22 Ocak 2012 Pazar

A / Z



"Önümüzdeki 24 yıl boyunca Hakan Günday okumayı düşünmüyorum." demiştim. Hata etmişim. O'nun o yazıyorum öyleyse varım havasından, siyah tişörtlerinden, cool tavırlarından ve uzun yağlı saçlarından hâlâ hiç hoşlanmıyorum. Lâkin, adam yazıyor beyler!

Daha önce okumadığınız bir yazara son kitabından başlamak belki onu tersten anlamaya çalışmak gibi. Biraz zor, biraz karmaşık. Az, bu yargıları alt üst, beni mest etti.

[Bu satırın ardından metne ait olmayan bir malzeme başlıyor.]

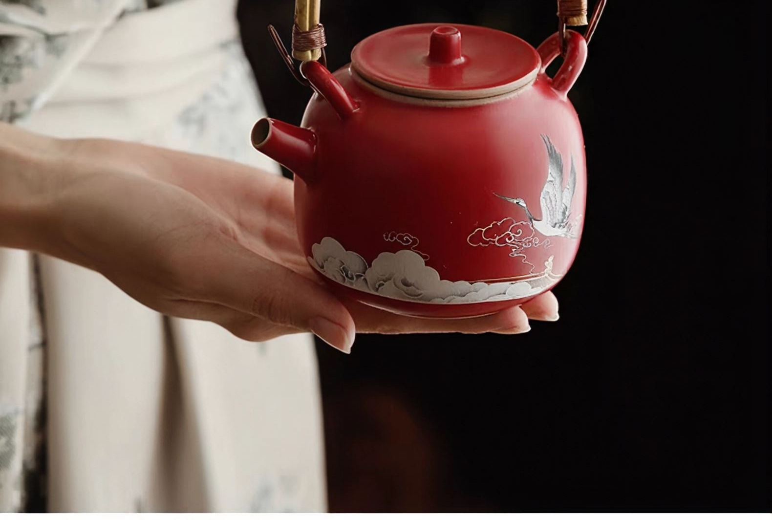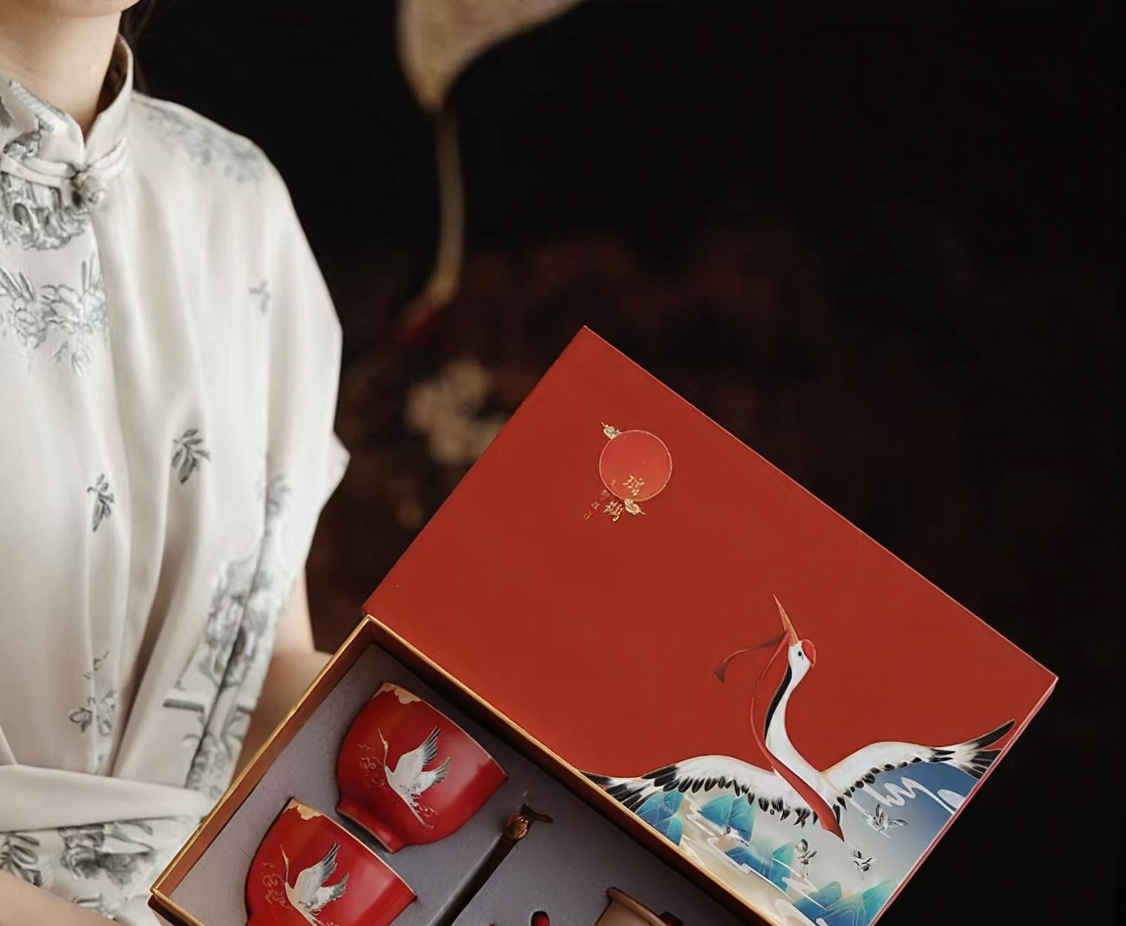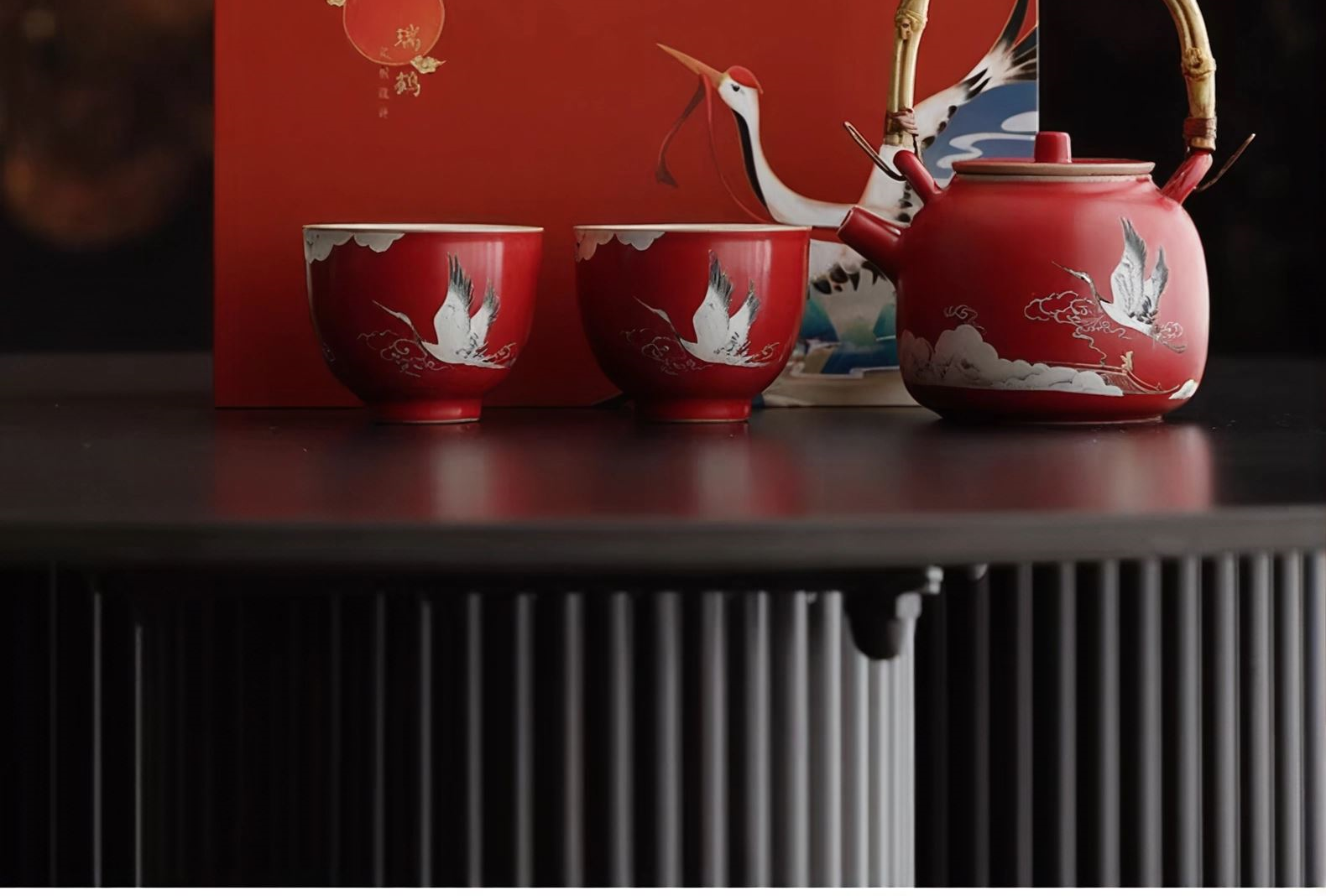 尾桥下窑故宫文创瑞鹤呈祥提梁壶茶具小套装开门红会议商务礼品

Birbirlerinin sadece  " ^  "  bu işaret kadar farklı olan Derdâ ve Derda.
Biri ilk âdet gördüğü gün bir şeyhin oğluyla evlendirilip, Londra'ya bir nevî tutsaklığa yollanıyor. Diğeri, anne kanı üzerinde kökleniyor, kendi kendini mezarlıklarda büyütüyor. Oğuz Türkleri'nden ve gayriresmi anarşist. Az'ı okumuş olanlar ne demek istediğimi anlayacaklardır elbet.

Tüm erkeklerin kötü olduğu bir roman bu. Tüm kadınların kendi kanıyla sulandığı, sulandıkça çiçek gibi büyüdüğü, büyüdükçe çoğaldığı ve intikama merak sardığı bir roman. Tesadüf'ün başrolde bir roman.

İşte tüm bu yüzden başımın üzerinde taşıyacağım roman.